I read that I can wash it out in the bathtub if I use a lot of water, but there is a risk of clogging the drain. I was wondering that if I did that, would something happen to my feet next time I showered? Please tell me the best way to safely expose of photo emulsion after I wash it out of the screen.

And another question:
I've had some photo emulsion (I already sensitized it), that has been sitting in my garage for about 9 months. The reason is, when I first started my company, I thought I was going to screen print. Turns out that me and my business partners weren't very informed, so we had to do a lot of research. Unfortunately, we had sensitized the emulsion before hand. We then ended up buying a heat press. I now want to go back to screen printing and start printing some of my shirts that way.
So, what I'm trying to ask is:
Can I still use this sensitized photo emulsion that has been sitting in my garage for 9 months? Or do I have to buy new emulsion?
I have heard from someone that as long as it wasn't exposed to light (which it wasn't, since it was in the black bucket), I can still use it. I then watched a Ryonet video where he said that it will only last 5-6 months.

And one last thing:
Is it mandatory for me to use light safe yellow bulbs, and cover all windows?

Thank You,
Tristan


----------



## tgoeltz (Aug 7, 2007)

Tristan:

I don't think your feet will fall off or anything like that.

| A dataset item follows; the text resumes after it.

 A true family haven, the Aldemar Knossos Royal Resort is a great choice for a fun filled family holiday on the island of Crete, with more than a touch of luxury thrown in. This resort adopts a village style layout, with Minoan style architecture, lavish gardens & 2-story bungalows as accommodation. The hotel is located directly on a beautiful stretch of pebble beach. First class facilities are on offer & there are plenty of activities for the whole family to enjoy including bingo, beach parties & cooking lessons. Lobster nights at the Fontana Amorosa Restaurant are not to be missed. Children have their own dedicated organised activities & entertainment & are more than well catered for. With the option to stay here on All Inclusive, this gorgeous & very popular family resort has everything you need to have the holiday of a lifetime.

Keep the water running a while after you wash out a screen and that should take care of any possible clogging. The bigger issue I see is the emulsion stains that you will have to deal with in tub, shower curtain, floor, walls, etc. Cleaning and washing out screens can get pretty messy. Also aluminum frames could scratch your tub.

As far as the emulsion...throw it away. Sensitized emulsion does not last that long, particularly if it was not stored in a stable environment. You want to eliminate as many variables as you can when making your first screens. Bad emulsion can drive you crazy.

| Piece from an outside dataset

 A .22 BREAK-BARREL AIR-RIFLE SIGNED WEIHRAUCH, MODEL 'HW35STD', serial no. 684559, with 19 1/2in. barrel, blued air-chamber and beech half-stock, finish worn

Depending on how long your screen will be exposed to some light depends on how dark your room needs to be. If you intend to allow your screens to dry "in the open" then I would suggest that your room needs to be very dark. If you have a box or something where the screens will be drying, then a little scattered light will probably not hurt during the few minutes that you take the screen out, line up the film and expose it. Once again, its about eliminating the variables that can drive you nuts. Yes, I would suggest going to Home Depot and buying a bug light (about $3) to eliminate the possibility that your room light is exposing the screen.

Good luck!

Ted


----------



## Danchlife (Dec 31, 2012)

tgoeltz said:


> Tristan:
> 
> I don't think your feet will fall off or anything like that. Keep the water running a while after you wash out a screen and that should take care of any possible clogging. The bigger issue I see is the emulsion stains that you will have to deal with in tub, shower curtain, floor, walls, etc. Cleaning and washing out screens can get pretty messy. Also aluminum frames could scratch your tub.
> 
> ...


Do you know if Ulano ezfilm or capillary has the same problems?


----------